African Businessman Turns Dreams Into Drones In Niger
From the outside, the house is a typical upmarket residence in Niamey, but inside it looks like no other.
Three drones straddle large tables with their albatross wings, amid improvised building materials and tools.
Aziz Kountche, a grandson of Nigerien general and former president Seyni Kountche (1931-87), is an obsessive aeronautical entrepreneur who launched his civilian drone company, Drone Africa Service, in 2016, pledging aircraft that are "100 percent Nigerien".
"We import products that are not found here such as fibreglass, carbon, but everything else -- design, modelling, manufacturing -- is done here," said the stocky craftsman with the delicate fingers of a jeweller. "I build them all myself."
From childhood dreams during weekends at the Niamey flying club when he was not on the benches of Niger's posh French high school, he has created a company that claims a turnover that doubles every year.
Kountche accepts that his family heritage opens doors, while rejecting talk of nepotism.
For lack of means, he says, he did all his studies in Niger and it was evening classes for fellow students at the French high school that paid for his first hours of flight.
After further hours spent on the internet and at the flying club, Kountche built his first drone in 2009, without really wanting to make any money from it.
But with national security deteriorating because of jihadist incursions on the borders with Nigeria and then Mali, fewer and fewer civil servants and NGOs could venture to carry out field assessments.
Aziz Kountche and his drones then provided an opportunity to continue mapping work, monitoring the pastoral movements of nomads and their livestock and preventing poaching.
Elsewhere, it is Western firms that win contracts for lack of local know-how.
But Kountche has "been able to exploit the right niche at the right time, and then, donors love start-ups in conflict zones," said the manager of a non-governmental organisation in Niamey, who is familiar with the work of his company.

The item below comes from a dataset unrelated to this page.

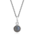 Strieborný dámsky prívesok SOFIA zdobí hladko brúsený labradorit v okrúhlom lôžku, zavesený na elegantnom očku.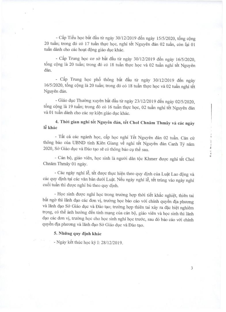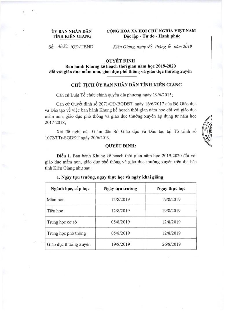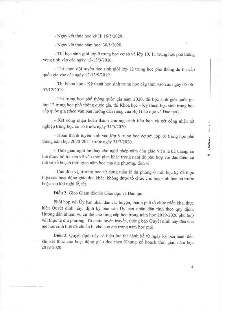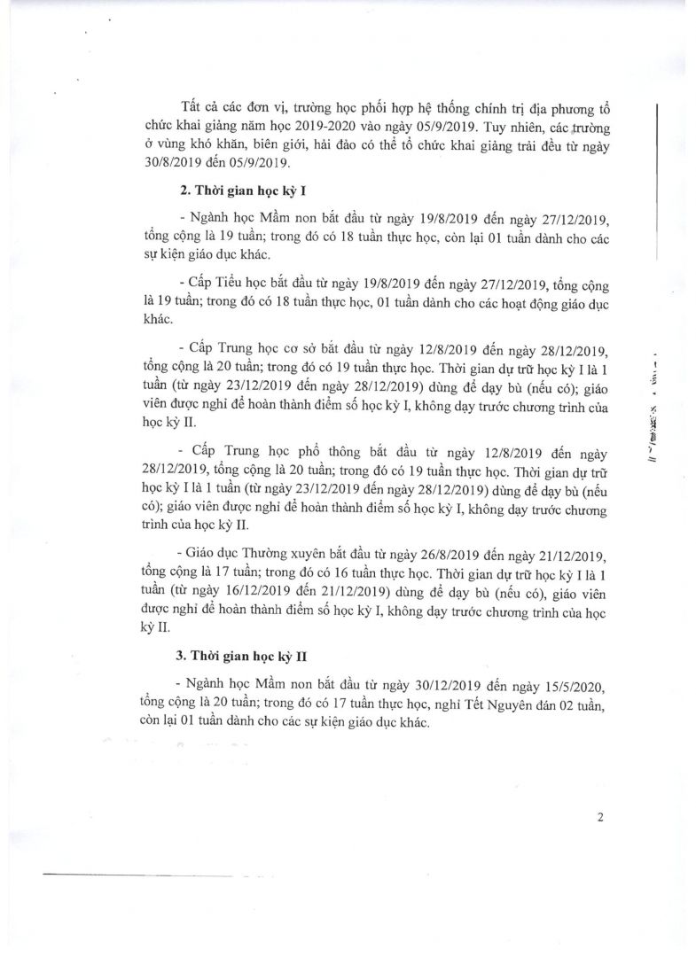Khung kế hoạch thời gian năm học 2019 - 2020 đối với giáo dục mầm non, giáo dục phồ thông và giáo dục thường xuyên.

Kountche works only for the Nigerien state and its partners among NGOs and in the United Nations.
In a country where both France and the United States operate armed drones, he denies any military interest for his aircraft, since there is a large enough market in other sectors.
His first major success was a contract in 2016 with the United Nations High Commissioner for Refugees (UNHCR).
The UN agency needed to map out reception zones for displaced people in the southeastern Diffa region, battered by the incessant assaults of Boko Haram jihadists from Nigeria.
Kountche's drones were used to monitor human movements and host villages in the affected region, where thousands of people have been uprooted.
The activities of consultants have since multiplied in Niger and in the west African region, including anti-poaching surveillance in the W national park in Benin, monitoring the movements of giraffes in Koure not far from Niamey, and the mapping of flood zones in the heavy rains of 2020.
The entrepreneur is now seeking to expand his services.
Gone are the days of simply renting out technical know-how. The time has come for Kountche to sell drones and train other people.
Material is already waiting in crates in his workshop and "serial" production will begin within a month.
"We already have four or five orders to deliver," he says, happy with a flourishing business but stressed by the challenges ahead.
"Opening a business here is easy and it does not cost a lot, but making it work, that's another matter."
The business climate is not good in Niger -- one diplomat called it "catastrophic".
Kountche says he has to pay 50 percent of the value of his imported products in customs duties, but relocating is not an option.
"It makes no sense, that's not why Drone Africa Service exists."
He also employs three people full time and his head is full of ideas.
He is thinking of opening a "drone academy" in Niamey, but in the immediate future in a poor country where overland access is often difficult, he considers using drones to deliver vaccines against the Covid-19 virus.